Now, ironically, prices of both oil and gold have been coming down - which is expected
to have favourable impact on the trade deficit this year. Brent crude prices have dropped
to $90 a barrel, a drop of nearly 30 per cent since early 2012. A $1 decline in oil prices
should help reduce current account deficit by about $1 billion. The drop in oil prices has
allowed markets to project that trade deficit will be down by $25 billion this year. Such
inferences should in the normal course have led to an appreciation of the rupee. This is
something market experts say will still happen - eventually - perhaps in six months to
one year. But in the short term there is a mood of panic and poor sentiment and dire
predictions that the rupee is heading for 'retirement' - the euphemism for its value
touching 60 to the dollar. There is now a unidirectional and sustained downtrend in the
short-term, market experts say.
For example experts say that importers are increasing the tenor of their cover - the
protection they buy against a further decline in the rupee. In simple terms, if importers
covered their import bills for 2 months earlier, they are now doing it for three to four
months. This, they say is contributing to panic, further volatility and uncertainty. In
contrast, exporters, revenue earners such as software industries, are not selling dollars
that they earn, waiting for the rupee to depreciate further.
BUNCHING PAYMENTS
Experts say that bunching of payments by oil companies (for oil imports) in the spot
market has increased demand for dollars in the short term. Normally, oil companies
avail of short-term buyer credit of between 3-6 months and stagger their payments.

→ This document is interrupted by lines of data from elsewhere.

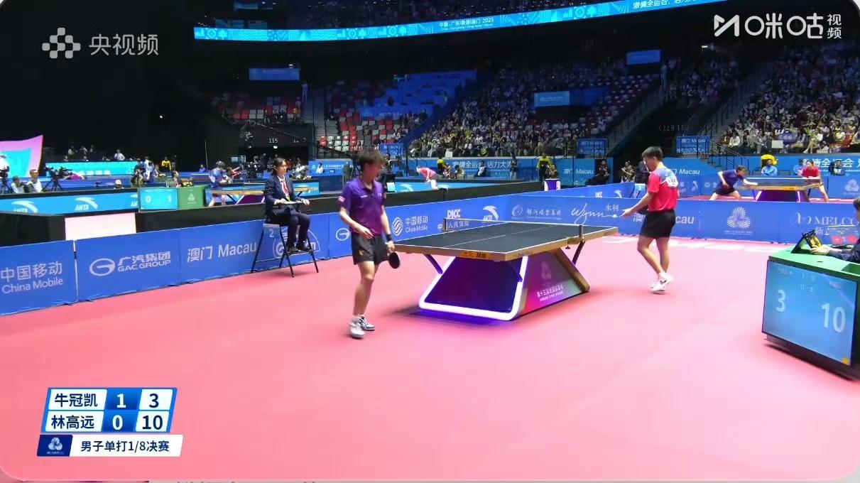 输了第一局的林高远连扳两局! 前三局牛冠凯11-8,3-11,3-11大比分落后于林高远, 这是第15届全运会乒乓球男单1/8决赛。 可刚刚结束的第四局牛冠凯11-7又赢回来了,两个人打成了2-2平。 全运会的比赛确实精彩,但全是我们国乒的选手,手心手背都是肉,谁输了都会心疼,谁赢了都会恭喜,不过我还是希望林高远获胜晋级。 高远加油[奋斗]!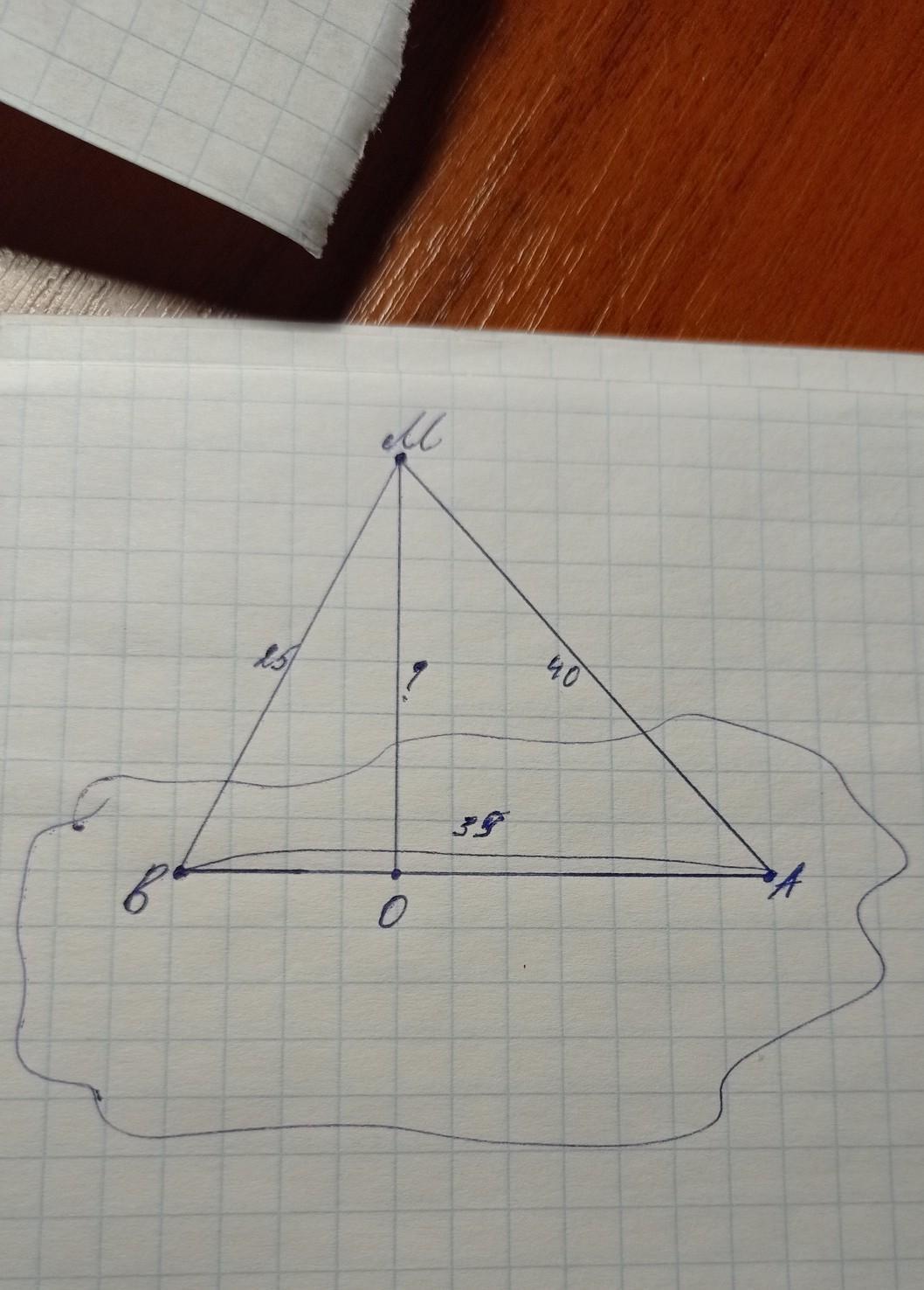 Пусть ОА=х, тогда ОВ=39-х, найдем квадрат высоты по теоереме Пифагора из двух треугольинков МОВ и МОА, получим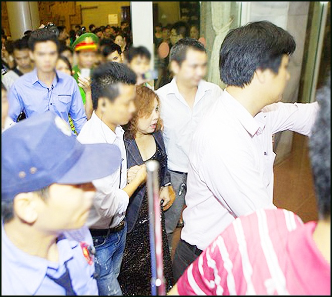 | Tuy nhiên, nữ ca sĩ vẫn không giấu được sự hốt hoảng, lo lắng vì có quá nhiều người tò mò vây quanh. |

However, with the rupee depreciating so drastically, they prefer to pay their bills
immediately rather than buying on credit. This creates a further pressure in an already
frayed market.
STEPS BY RBI
Normally, the Reserve Bank is trying to cool this down by opening a special window for
oil companies (so that they don't buy more dollars in the market) for a short period of
time. There has been such talk in the market although there is no official word yet. RBI
recently indicated that it will sell dollars directly to oil companies in order to ease
pressure from the currency. Besides, the central bank has already taken steps to curb
speculation in the forex market and tried to increase the inflow of foreign currency.
Since early March, rupee has lost about 13 per cent against the dollar driven by a
combination of deteriorating global risk sentiment and weak domestic fundamentals.
The rupee gained 27 paise to close at 55.37 after RBI intervened on currency breaching
the 56-level in early trade.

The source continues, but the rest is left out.